- [TASK OBJECTIVE]: Skip any pictures. Repeat the data exactly, from its first line through the line that holds "Велосипед Skill Bike", both included.

BEGIN DATA SUPPLIED

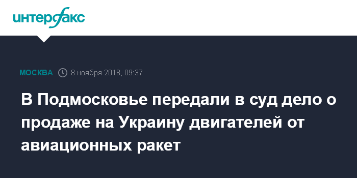 В Подмосковье передали в суд дело о продаже на Украину двигателей от авиационных ракет
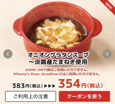 デニーズのオニオングラタンスープ29円引きクーポン Published 2019年10月15日 at 400 × 363 in 【2024年2月最新】デニーズの割引クーポンまとめ情報 広告 ← Previous Next →
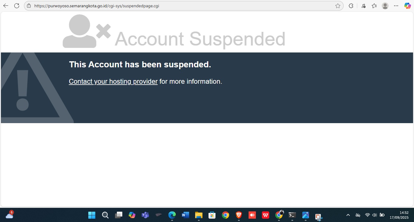 Menanggapi insiden ini, pihak berwenang telah mengambil tindakan cepat. Per tanggal 17 September 2025, website untuk sementara waktu tidak dapat diakses. Halaman utama saat ini menampilkan pesan “Account Suspended”. Hal ini dilakukan sebagai langkah darurat untuk menghentikan penyebaran konten berbahaya dan melakukan perbaikan sistem secara menyeluruh.
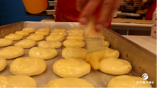 第五步是烤制。烤制之前在饼的上层刷一层油和蛋黄液,参考时长为30-40分钟,参考温度为200度左右。
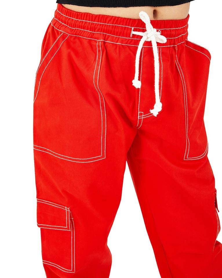 Custom OEM Manufacturer Best Quality Trousers for Women Street Loose Fit DST Greek letter Red white drawstring baggy cargo pant
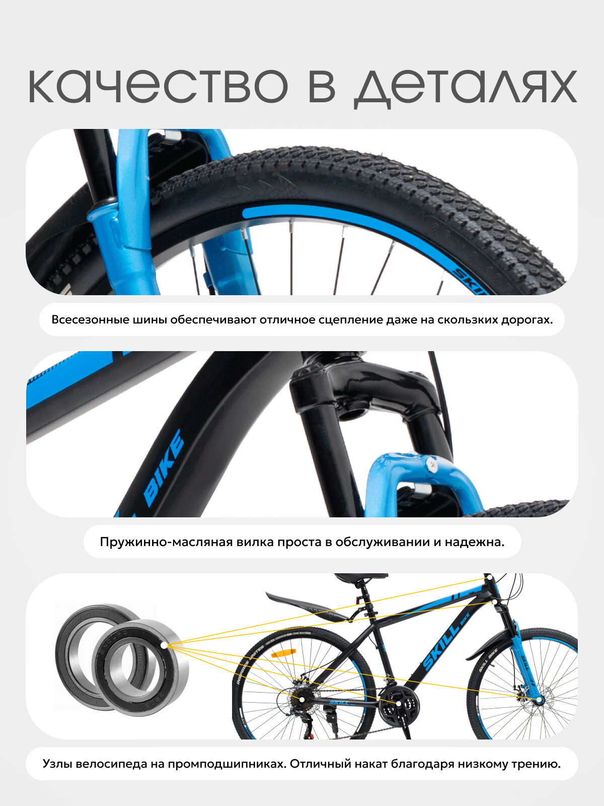 Велосипед Skill Bike NX-260, горный, 21 скорость, сталь, 26" колеса, черно-синий интересное:
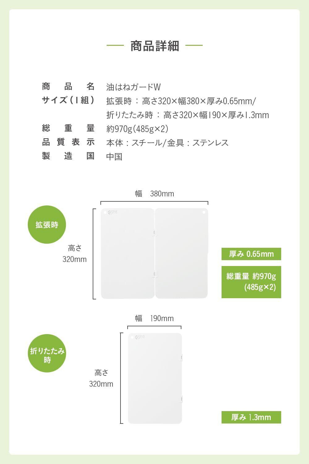 【2025年7月24日発売開始✨】 調理中の油はねを防ぐ人気のキッチンアイテム油はねガード。2枚ずつに分かれた構造で、調理スペースに合わせて柔軟に設置可能。IH・ガス対応、食洗機でも洗えてお手入れも簡単です。
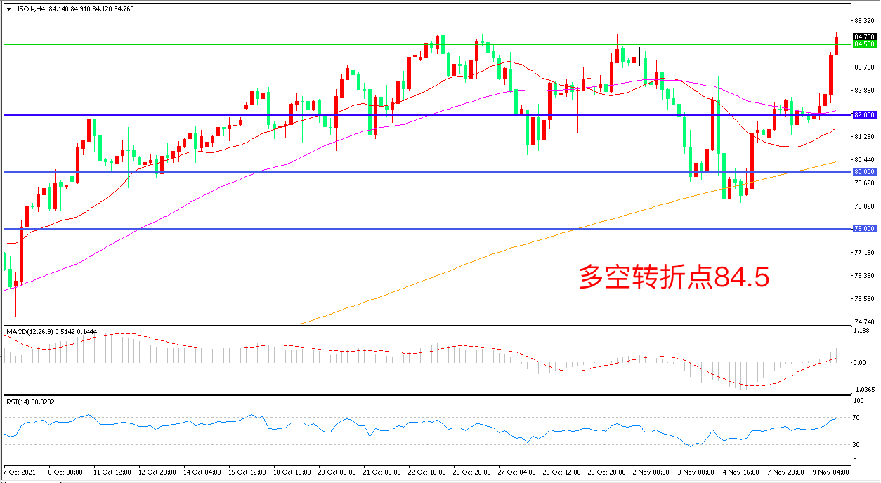 周三(11月10日)凌晨,美国白宫表示,今天不会宣布释放战略石油储备(SPR)的计划,将继续与OPCE合作提高石油供应,美国WTI原油开盘大涨,大幅上行后报84.68美元/桶。同时根据美国石油协会公布数据,API原油库存意外减少248.5万桶,如果晚间EIA库存出现大幅下降,油价将再次迎来飙升。
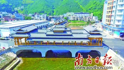 這座橋叫洛陽風雨廊橋,坐落在瑤安洛陽河上,連接洛陽河東西兩岸,是在原來老橋的基礎上新建而成,今年9月9日正式竣工,全長36米、寬13米,它的竣工解決了困擾瑤安瑤族鄉2500多名群眾多年的出行難題。
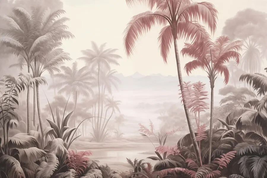 Fotomurales Paisaje con palmeras y montañas

END DATA SUPPLIED

- [SOLUTION TO THIS PROBLEM]:
 В Подмосковье передали в суд дело о продаже на Украину двигателей от авиационных ракет
 デニーズのオニオングラタンスープ29円引きクーポン Published 2019年10月15日 at 400 × 363 in 【2024年2月最新】デニーズの割引クーポンまとめ情報 広告 ← Previous Next →
 Menanggapi insiden ini, pihak berwenang telah mengambil tindakan cepat. Per tanggal 17 September 2025, website untuk sementara waktu tidak dapat diakses. Halaman utama saat ini menampilkan pesan “Account Suspended”. Hal ini dilakukan sebagai langkah darurat untuk menghentikan penyebaran konten berbahaya dan melakukan perbaikan sistem secara menyeluruh.
 第五步是烤制。烤制之前在饼的上层刷一层油和蛋黄液,参考时长为30-40分钟,参考温度为200度左右。
 Custom OEM Manufacturer Best Quality Trousers for Women Street Loose Fit DST Greek letter Red white drawstring baggy cargo pant
 Велосипед Skill Bike NX-260, горный, 21 скорость, сталь, 26" колеса, черно-синий интересное:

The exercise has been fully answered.